[Data records]
::::::
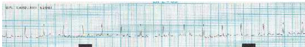
Fig:1 Normal E.C.G in healthy animals

Hence electrocardiography can be used as a diagnostic tool in detecting the electrolyte changes in uremic dogs and for further medical management.
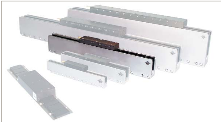
The BLM is shown with Aerotech's linear motor line.

The BLM can be driven using standard Aerotech brushless amplifiers and controllers to provide a complete integrated system.
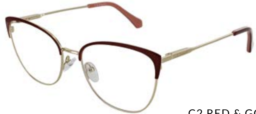
C2 RED & GOLD
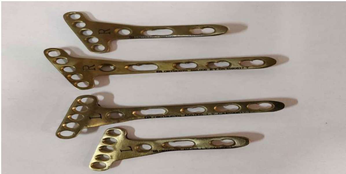
Cat No: 456.003 LT/RT /456.003 L/R - 456.005 LT/RT /456.005 L/R Distal Radius Volar LCP 5 H (Left /Right) 2.7 mm LCP (TiT/SS)- (3 -5 Holes)
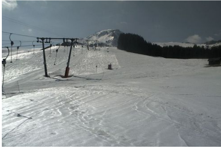
Spring snow conditions in Champoussin in the Portes du Soleil – 28 March 2019
::::::
__Work item__
The lines to be quoted run from the line containing "Cat No: 456.003" through the end of the entries above, both included; quote them exactly and leave out any pictures.

__Written reply__
Cat No: 456.003 LT/RT /456.003 L/R - 456.005 LT/RT /456.005 L/R Distal Radius Volar LCP 5 H (Left /Right) 2.7 mm LCP (TiT/SS)- (3 -5 Holes)
Spring snow conditions in Champoussin in the Portes du Soleil – 28 March 2019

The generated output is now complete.